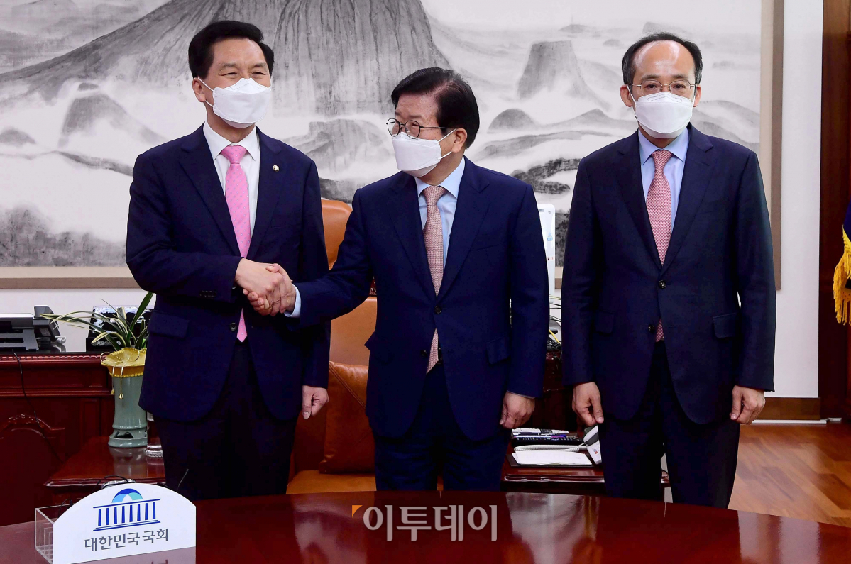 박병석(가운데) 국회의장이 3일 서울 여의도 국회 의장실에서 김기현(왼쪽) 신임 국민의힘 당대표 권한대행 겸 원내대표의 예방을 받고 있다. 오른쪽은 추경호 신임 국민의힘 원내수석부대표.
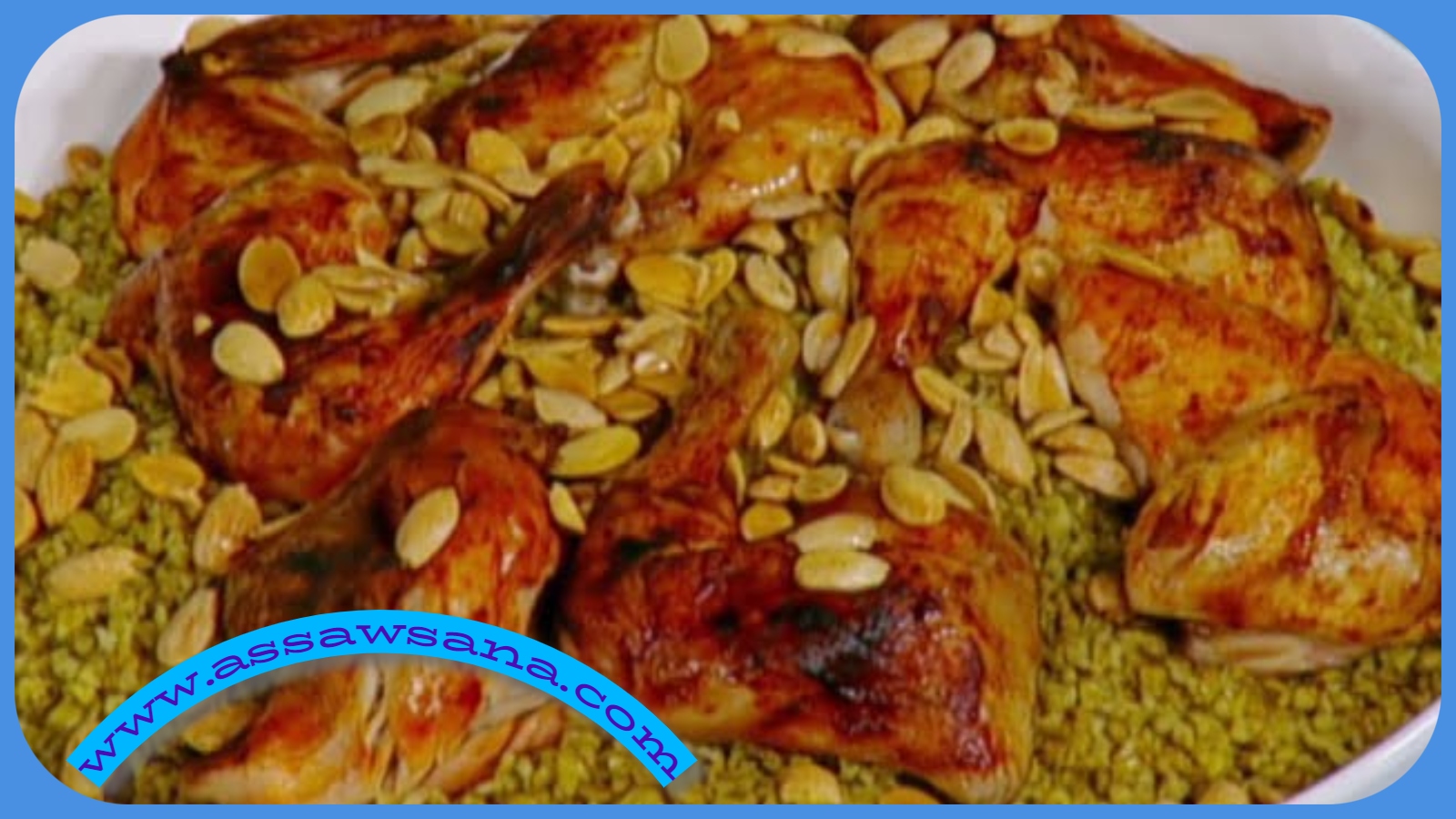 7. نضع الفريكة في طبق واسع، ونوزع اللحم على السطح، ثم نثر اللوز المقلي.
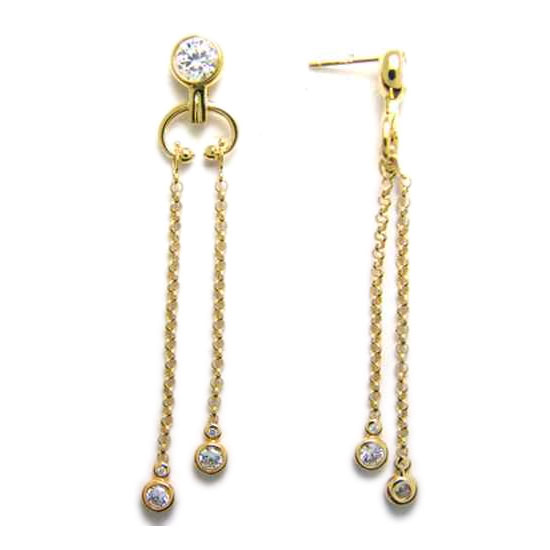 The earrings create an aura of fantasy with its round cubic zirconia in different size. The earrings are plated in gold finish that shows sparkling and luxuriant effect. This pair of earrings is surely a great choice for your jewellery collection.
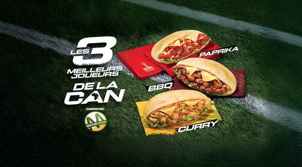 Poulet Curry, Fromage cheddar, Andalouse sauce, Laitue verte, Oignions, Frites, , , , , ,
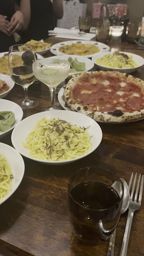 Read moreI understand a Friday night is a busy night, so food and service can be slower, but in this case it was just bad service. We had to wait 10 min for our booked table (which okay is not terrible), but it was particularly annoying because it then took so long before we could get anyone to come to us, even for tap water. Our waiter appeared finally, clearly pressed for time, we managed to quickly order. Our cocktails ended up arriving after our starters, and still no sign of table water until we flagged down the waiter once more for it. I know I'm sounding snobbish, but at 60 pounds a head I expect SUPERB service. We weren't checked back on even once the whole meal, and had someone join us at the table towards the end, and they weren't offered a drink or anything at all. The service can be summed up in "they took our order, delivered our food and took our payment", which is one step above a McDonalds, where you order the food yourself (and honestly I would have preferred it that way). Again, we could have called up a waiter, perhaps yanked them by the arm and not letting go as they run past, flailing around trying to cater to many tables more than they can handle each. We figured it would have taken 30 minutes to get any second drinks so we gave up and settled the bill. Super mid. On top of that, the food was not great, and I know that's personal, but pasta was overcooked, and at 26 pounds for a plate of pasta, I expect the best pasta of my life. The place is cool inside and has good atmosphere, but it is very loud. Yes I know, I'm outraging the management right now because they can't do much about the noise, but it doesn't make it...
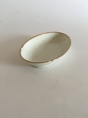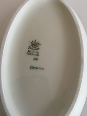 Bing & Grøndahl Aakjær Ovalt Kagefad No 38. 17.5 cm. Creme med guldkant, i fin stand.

--

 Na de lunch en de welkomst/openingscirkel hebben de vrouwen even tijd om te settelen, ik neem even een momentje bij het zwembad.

→ **TASK BRIEF**
Reproduce the lines above starting at the one with "Poulet Curry, Fromage" and ending at the one with "Bing & Grøndahl", both included, exactly and with no pictures.

→ **RESPONSE**
 Poulet Curry, Fromage cheddar, Andalouse sauce, Laitue verte, Oignions, Frites, , , , , ,
 Read moreI understand a Friday night is a busy night, so food and service can be slower, but in this case it was just bad service. We had to wait 10 min for our booked table (which okay is not terrible), but it was particularly annoying because it then took so long before we could get anyone to come to us, even for tap water. Our waiter appeared finally, clearly pressed for time, we managed to quickly order. Our cocktails ended up arriving after our starters, and still no sign of table water until we flagged down the waiter once more for it. I know I'm sounding snobbish, but at 60 pounds a head I expect SUPERB service. We weren't checked back on even once the whole meal, and had someone join us at the table towards the end, and they weren't offered a drink or anything at all. The service can be summed up in "they took our order, delivered our food and took our payment", which is one step above a McDonalds, where you order the food yourself (and honestly I would have preferred it that way). Again, we could have called up a waiter, perhaps yanked them by the arm and not letting go as they run past, flailing around trying to cater to many tables more than they can handle each. We figured it would have taken 30 minutes to get any second drinks so we gave up and settled the bill. Super mid. On top of that, the food was not great, and I know that's personal, but pasta was overcooked, and at 26 pounds for a plate of pasta, I expect the best pasta of my life. The place is cool inside and has good atmosphere, but it is very loud. Yes I know, I'm outraging the management right now because they can't do much about the noise, but it doesn't make it...
 Bing & Grøndahl Aakjær Ovalt Kagefad No 38. 17.5 cm. Creme med guldkant, i fin stand.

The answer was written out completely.